**Task goal**
Text only, exactly as given: reproduce the entries below without their pictures.

**Provided information**

──────────

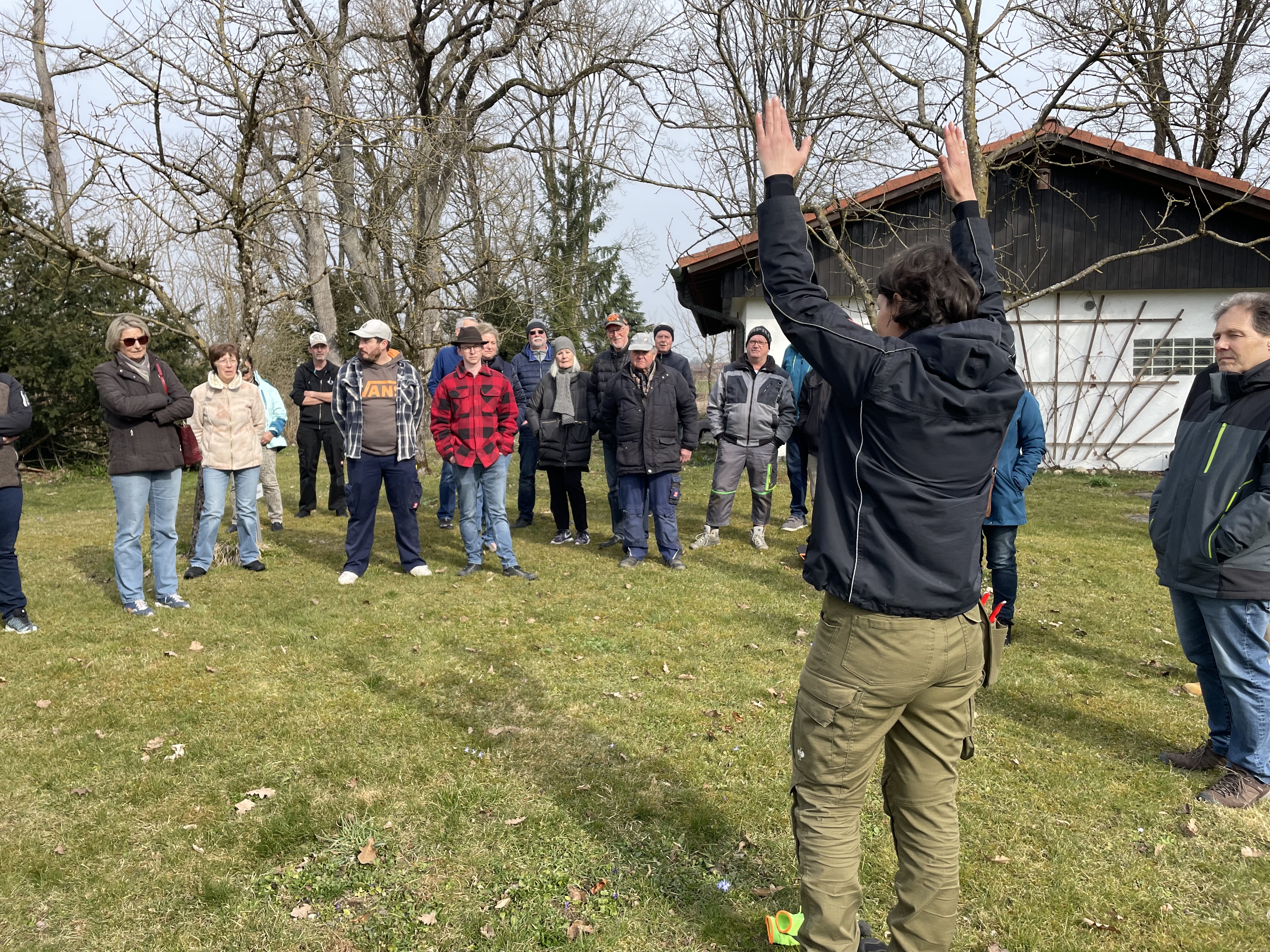 Fast 50 Mitbürger fanden sich im Siedlergarten ein, um sich über die Grundlagen des Obstbaumschnitts zu informieren. Fachfrau Ulrike Voß konnte an drei noch stehenden Apfelbäumen die wichtigsten Schneidearbeiten erklären. Dem letztjährigen Unwetter war der bisher größte und älteste Apfelbaum zum Opfer gefallen. Die Vorstandschaft wird in einer der nächsten Sitzungen beschließen, daß evtl zwei nue Bäume gepflanzt werden.
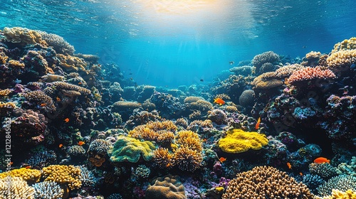 Naklejka premium Vibrant Triple-Layer Nature Composite: Evening Sky, Turquoise Sea, and Sunlit Underwater Marine Life
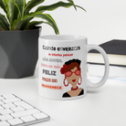 Fabricada con cerámica blanca de alta calidad, esta taza presenta un acabado brillante que realza sus colores y detalles. La taza tiene una capacidad de 11 oz, ideal para disfrutar de tu bebida caliente favorita al amanecer o durante esa pausa revitalizante en la tarde. Su diseño innovador incorpora un agarre en forma de C, que permite un manejo cómodo y seguro. Olvídate de las preocupaciones al beber, ¡ahora puedes disfrutar plenamente cada momento!
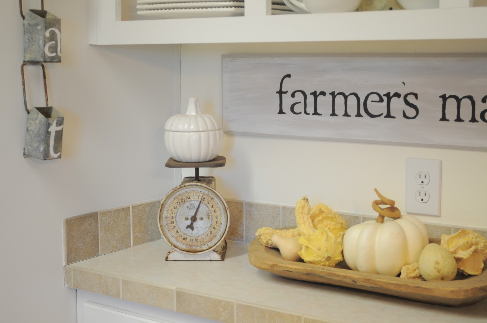 Love it all! I really like your burlap curtains under the sink! Hey since you are in such a painting mood-you should come and paint at my house! LOL Fall seems to always be a crazy busy time around here too-can't seem to slow down till January.
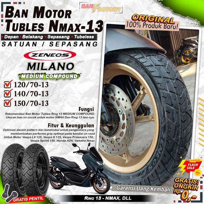 Ban Motor Matic Tubeless Zeneos Milano Ring 13 Ban Motor Nmax Tubles Depan Belakang Sepasang Ring 13
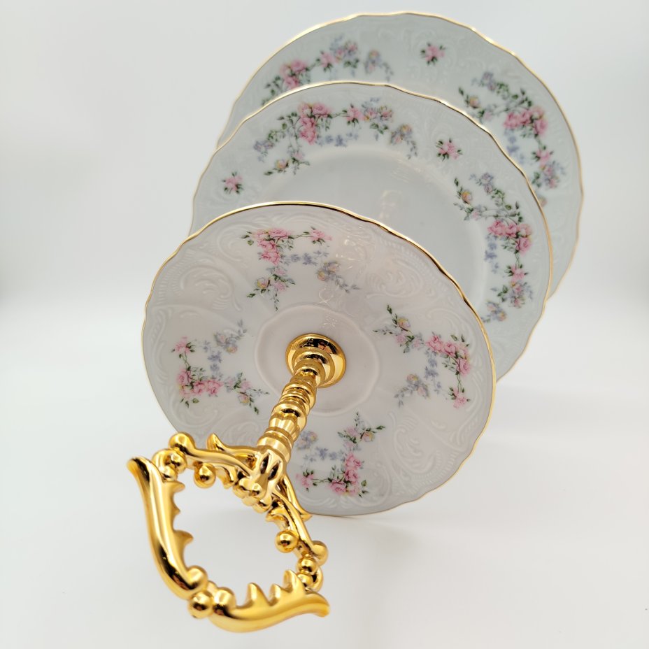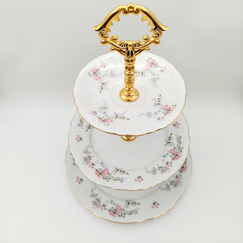 Фруктовница трехуровневая с цветочным рельефным декором, фарфор, деколь, золочение, Bernadotte, Чехия, 1993-2010 гг.
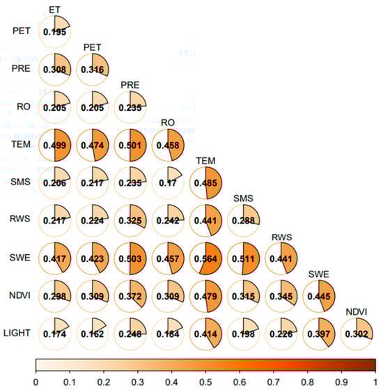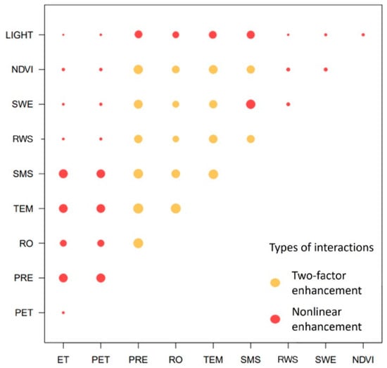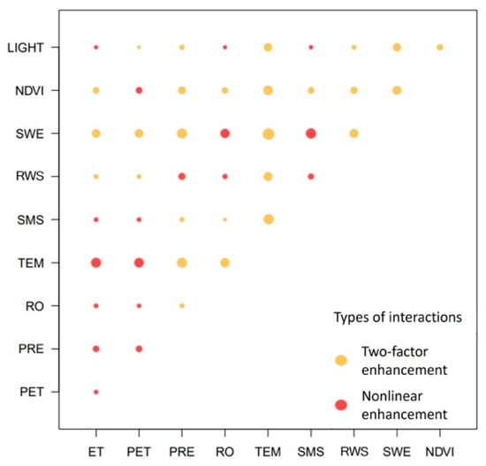 The results of interaction analysis among the driving variables are presented in Figure 4. As shown, all pairwise interactions between driving factors yield stronger explanatory power for the upstream TWSA trend compared to individual factors. In particular, TEM and SWE exhibit markedly stronger impacts when interacting with other variables, highlighting their pivotal role in driving long-term TWSA changes in the upper YRB.

──────────

**Result of the task**
 Fast 50 Mitbürger fanden sich im Siedlergarten ein, um sich über die Grundlagen des Obstbaumschnitts zu informieren. Fachfrau Ulrike Voß konnte an drei noch stehenden Apfelbäumen die wichtigsten Schneidearbeiten erklären. Dem letztjährigen Unwetter war der bisher größte und älteste Apfelbaum zum Opfer gefallen. Die Vorstandschaft wird in einer der nächsten Sitzungen beschließen, daß evtl zwei nue Bäume gepflanzt werden.
 Naklejka premium Vibrant Triple-Layer Nature Composite: Evening Sky, Turquoise Sea, and Sunlit Underwater Marine Life
 Fabricada con cerámica blanca de alta calidad, esta taza presenta un acabado brillante que realza sus colores y detalles. La taza tiene una capacidad de 11 oz, ideal para disfrutar de tu bebida caliente favorita al amanecer o durante esa pausa revitalizante en la tarde. Su diseño innovador incorpora un agarre en forma de C, que permite un manejo cómodo y seguro. Olvídate de las preocupaciones al beber, ¡ahora puedes disfrutar plenamente cada momento!
 Love it all! I really like your burlap curtains under the sink! Hey since you are in such a painting mood-you should come and paint at my house! LOL Fall seems to always be a crazy busy time around here too-can't seem to slow down till January.
 Ban Motor Matic Tubeless Zeneos Milano Ring 13 Ban Motor Nmax Tubles Depan Belakang Sepasang Ring 13
 Фруктовница трехуровневая с цветочным рельефным декором, фарфор, деколь, золочение, Bernadotte, Чехия, 1993-2010 гг.
 The results of interaction analysis among the driving variables are presented in Figure 4. As shown, all pairwise interactions between driving factors yield stronger explanatory power for the upstream TWSA trend compared to individual factors. In particular, TEM and SWE exhibit markedly stronger impacts when interacting with other variables, highlighting their pivotal role in driving long-term TWSA changes in the upper YRB.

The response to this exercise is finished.